Certainly there have been a number of poets over the years who have moved from chapbook-length to book-length forms, with their full-length debuts giving the sense of a handful of chapbooks brought together to form a collection (there are many examples, but debut collections by Kevin Connolly and Sarah Pinder first come to mind). Higdon’s collection provides something else, instead, suggesting a sustained interest in the fragment and repetition, even while accumulating a strong narrative through-line. The opening section, “A Wild Permanence,” repeats the simple mantra of “two women walk into a town,” something reminiscent, from this Canadian’s ear, at least, of the late John Newlove’s “Ride Off Any Horizon,” with their repeated points-of-return crafted as through-line. For Higdon, this is a mantra constructed for jumping off, repeatedly, into the further possibilities of lyric, meditation and story. For Higdon, hers is a story of, as Cedar Sigo’s back cover blurb articulates, “the depth of a queer dailiness,” one that writes of “two women” engaged with the simple act of entering a town that appears to resist their presence, heightening a level of anxiety for both the narrator and the townspeople: “we are here, permanent & wild with / that community of moving target, that community / that says you are better off real imaginary and far away [.]” There is an openness to this sequence, but one that treads lightly, but ever forward, even as she writes: “all the love of loving a new place / but told to count their blessings / that living is consent to dying after [.]” And then, the last section providing a further resistance, one both understated and unflinching, incorporating a line by Leonard Cohen, from “Chelsea Hotel #2”:

no matter
they will
domesticate me after I die
the ratio of men to you                        and well and
and those were the reasons, and that was new york

One might say that Hard Some, on the whole, is a book of sustained resistance, as much as it is about a sustained and thoughtful presence.
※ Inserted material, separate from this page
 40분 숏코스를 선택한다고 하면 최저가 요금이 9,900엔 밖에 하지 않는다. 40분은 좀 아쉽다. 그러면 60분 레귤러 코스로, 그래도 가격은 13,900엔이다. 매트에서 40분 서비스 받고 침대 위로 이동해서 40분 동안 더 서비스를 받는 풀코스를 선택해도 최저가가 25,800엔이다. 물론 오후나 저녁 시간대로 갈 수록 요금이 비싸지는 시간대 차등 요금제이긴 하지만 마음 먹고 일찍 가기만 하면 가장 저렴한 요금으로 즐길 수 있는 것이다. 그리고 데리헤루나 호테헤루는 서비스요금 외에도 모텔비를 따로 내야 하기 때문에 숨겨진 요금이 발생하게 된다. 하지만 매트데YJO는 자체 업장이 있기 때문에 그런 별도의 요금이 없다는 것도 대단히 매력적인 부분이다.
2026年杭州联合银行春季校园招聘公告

And, if the first poem/section opened with a single line as a mantra, “two women walk into a town,” the second section, “Breaker,” opens with a line offering a resistance in a different direction: “Fuck the lake.” The poem moves quickly to write on love and its difficulties, asking “how many times do we try something new / and before it feels comfortable              retaliate.”
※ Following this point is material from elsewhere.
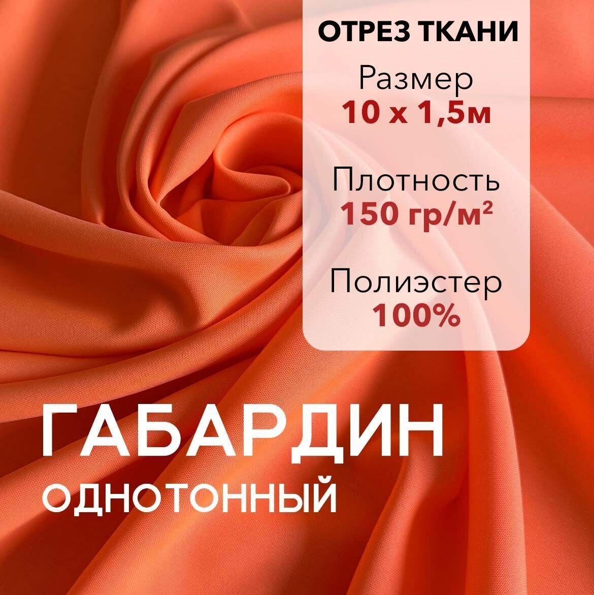 Ткань для Шитья Габардин Неон-Оранжевый, Отрез 1.5 м, плотность 150 г/м2, ширина 150 см, для шитья и рукоделия

things we take turns enjoying
never quite experiencing together
you are too close to the information you carry
but you carry it because there is comfort
in co-experience
conditioning habituation
keeping the things that expect reiteration

In Higdon’s hands, everything connects to everything else, and the interplay here is magical, existing as a series and sequence of lights revealing the multiple threads throughout the whole. Each of the four sequences, not simply the first, close with a line quoted from another source, and the subsequent three poem-sections each include a line from, in order of appearance: Patty Griffin, Blood Orange and Neil Young. Given how these four sections connect, I’m now curious about her published chapbooks that weren’t included in this particular collection: how might they fit in, if at all? Would they expand what is going on here, or are they part of some other kind of ongoing structure? Or might they exist as neither or both? There are elements of the concerns throughout this collection, as well, that harken back to her 2014 “On Writing” essay at the ottawa poetry newsletter, “Hiding Places,” that includes: “It feels like everyone I know is doing something in New York. Fuck New York. I’ve never liked it there.” Further on in the short essay, she writes of sitting at the edge of a lake and accidentally breaking her glasses. Does everything actually connect?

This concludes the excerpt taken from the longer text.